***** Provided entries *****

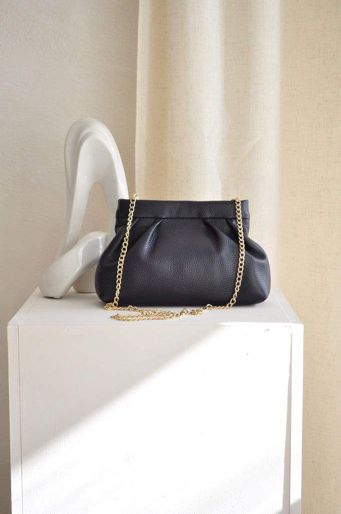 Σας παρουσιάζουμε το Kiss Pouch - ένα κομψό και εκλεπτυσμένο αξεσουάρ που έχει σχεδιαστεί για να συμπληρώνει την επίσημη ενδυμασία σας με διακριτική κομψότητα. Φορέστε το με αυτοπεποίθηση, είτε στο χέρι ως μινιμαλιστικό συμπλέκτη είτε κάτω από τη μασχάλη σας για μια πιο στιλάτη εμφάνιση. Αναβαθμίστε την επίσημη εμφάνισή σας με ένα αξεσουάρ που συνδυάζει αβίαστα την πρακτικότητα με την εκλεπτυσμένη αισθητική.
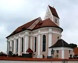 Die geostete Kirche mit einem runden Chorschluss steht an der Hauptstraße. Das Langhaus ist ein Saalbau mit vier Fensterachsen. Sowohl das Langhaus als auch der Chor tragen ein Tonnengewölbe mit Stichkappen. Der Westgiebel ist durch Gesimse und Lisenen gegliedert. Der Kirchturm mit Satteldach befindet sich im nördlichen Chorwinkel. Er überragt das Kirchendach des Langhauses nur wenig. Die östlich am Chor angebaute Sakristei ist ein niedriger Bau mit einer Flachdecke. Der Aufgang zur Kanzel befindet sich an der Nordseite.[2]
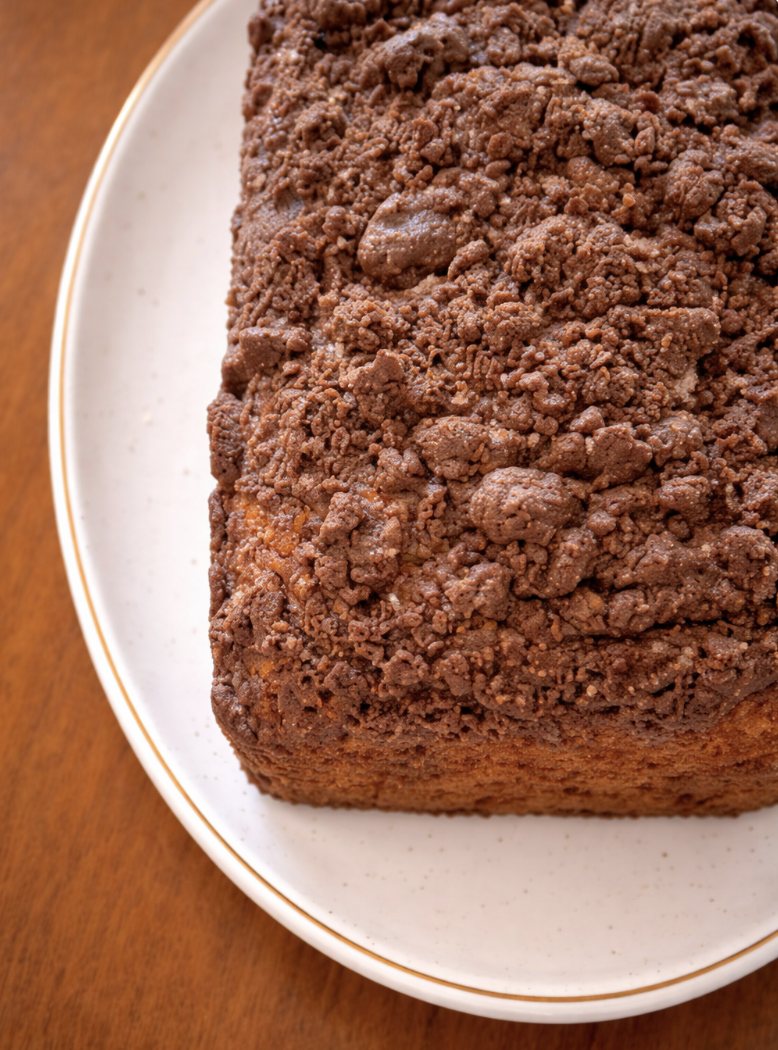 Finally, the cocoa streusel topping seals the deal. Chilled butter creates those chunky, bakery-style crumbs, and the cocoa adds just enough bitterness to balance the sweetness below. As it bakes, the streusel forms a crisp, crackly crust that protects the loaf and keeps the inside moist.
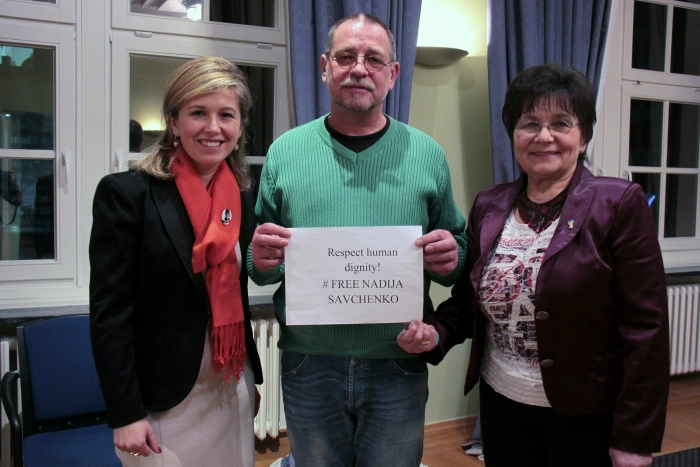Ну, а дальше все прошли за стол, и встреча началась. Берлинская активистка Татьяна Летаив поделилась своими впечатлениями о поездке на одно из последних заседаний суда по делу Надежды Савченко. Светлана Мельник выразила надежду, что наша Надежда вскоре будут освобождена, и призвала всех делать все возможное и невозможное для этого. Александра Хильдебрандт отметила, что главное сейчас сохранить жизнь символа украинского сопротивления российской агрессии. Закончился же вечер небольшим литературным чтением, во время которого одна из участниц встречи назвала трех, по ее мнению, выдающихся украинок, поразивших их современников своей внутренней силой – Лесю Украинку, Лину Костенко и Надежду Савченко.
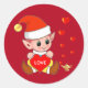 Cute love elf with magic lamp and hearts on red background Thank You Stickers. Text can be personalised for any event!
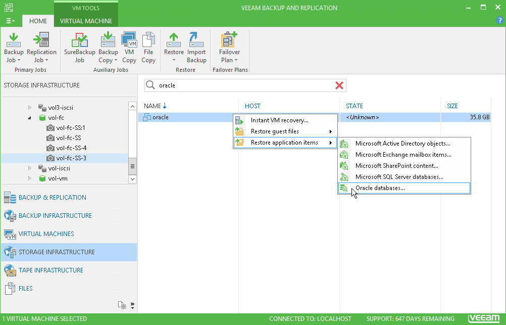 - Open the Backup & Replication view. In the inventory pane, select Storage snapshots. In the working area, expand the necessary volume, select a VM running Oracle and click Application Items > Oracle on the ribbon. You can also right-click the VM and select Restore application items > Oracle databases. In this case, you will pass immediately to the Restore Point step of the wizard.

*****

**Goal of the exercise**
In the records above, find the line containing "Finally, the cocoa", then write out exactly that line and every later one through the last, omitting pictures.

**Task response**
 Finally, the cocoa streusel topping seals the deal. Chilled butter creates those chunky, bakery-style crumbs, and the cocoa adds just enough bitterness to balance the sweetness below. As it bakes, the streusel forms a crisp, crackly crust that protects the loaf and keeps the inside moist.
Ну, а дальше все прошли за стол, и встреча началась. Берлинская активистка Татьяна Летаив поделилась своими впечатлениями о поездке на одно из последних заседаний суда по делу Надежды Савченко. Светлана Мельник выразила надежду, что наша Надежда вскоре будут освобождена, и призвала всех делать все возможное и невозможное для этого. Александра Хильдебрандт отметила, что главное сейчас сохранить жизнь символа украинского сопротивления российской агрессии. Закончился же вечер небольшим литературным чтением, во время которого одна из участниц встречи назвала трех, по ее мнению, выдающихся украинок, поразивших их современников своей внутренней силой – Лесю Украинку, Лину Костенко и Надежду Савченко.
 Cute love elf with magic lamp and hearts on red background Thank You Stickers. Text can be personalised for any event!
 - Open the Backup & Replication view. In the inventory pane, select Storage snapshots. In the working area, expand the necessary volume, select a VM running Oracle and click Application Items > Oracle on the ribbon. You can also right-click the VM and select Restore application items > Oracle databases. In this case, you will pass immediately to the Restore Point step of the wizard.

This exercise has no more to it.